The agreement in principle, announced Thursday, could potentially bring double-A baseball to the stadium, which is currently being used by the Intercounty Baseball League Ottawa Fat Cats, by 2013.
This is pending approval of the terms of the lease, as well as negotiations with league officials.
Beacon Sports, a Massachusetts-based limited liability corporation, says on its website that it specializes in "the professional sports industry and related businesses."
Past franchises it has helped sell or acquire include the Montreal Canadiens and Tampa Bay Lightning.
The terms of the proposed lease are as follows:
- The team will lease the facility for 10 years, with two five-year extension options, with "an AA member club" of the Eastern League Minor League Baseball to play at the stadium. The name of the franchise will not be released until all approvals are secured.
- The city will increase the base rent 240 per cent to $257,000 annually, from $108,000, for the initial 10-year lease and the first five-year extension. That will, a release stated, "contribute significantly towards recovering various start-up costs in order to prepare the stadium for the spring of 2013."

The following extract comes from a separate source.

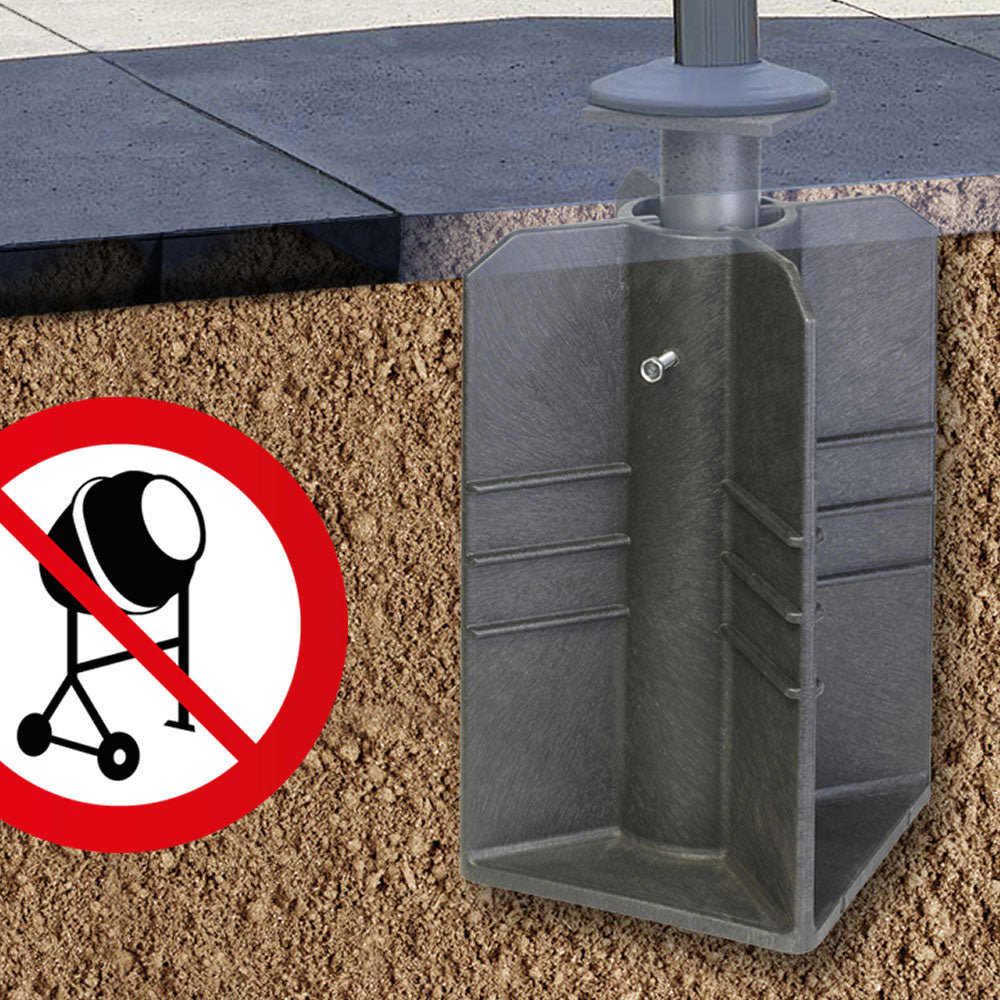 Instructies Platinum ingraafparasolvoet Deze ingraaf parasolvoet is alleen geschikt voor zweefparasols van maximaal L 300 x B 300 of Ø 350 cm groot. Het installeren is eenvoudig en je hebt geen beton nodig.

- Beacon will put $2 million into the stadium for "player development improvements" and also lease a new scoreboard that would cost about $1 million.
- The city will spend $2.7 million for "various deferred lifecycle improvements" and another $3 million to upgrade the stadium to Minor League Baseball standards.
- Both parties would contribute equal, but so far undisclosed, amounts into a lifecycle reserve fund.
The stadium is currently used by The Fat Cats under a parent-group lease with the Ottawa Stadium Group that expires in March. The status of that team was not mentioned in the release.
The report will go before the city's finance and economic development committee Feb. 16 and is expected to reach city council Feb. 22.
Beacon's interest in the stadium first became public in October, when its offer to lease the facility caused the city to seek expressions of interest.
It was a significant shift from city staff's position earlier in 2011, when they stated that baseball was not a sustainable use for the stadium.
"There is little or no current evidence to indicate that a purpose-built baseball stadium can be financially sustained in the long-term by reliance on a professional or semi-professional baseball being the predominant use for the facility," a report in March read.
"The financial viability of maintaining the stadium structure for the long-term will likely be dependent of the ability to attract a significant number of other customer paying events."
The March report recommended converting the stadium to a mixed-use facility for events, such as concerts.
The current tenant, OSG, was the only respondent to a December 2009 request by city staff for "best offers to lease" the stadium, which was awarded in March 2010.
The stadium was first built for the triple-A Ottawa Lynx, who played there from 1992 until poor attendance caused the franchise to move out of the city after the 2008 season. The Ottawa Rapidz then used the facility for a season, until they folded.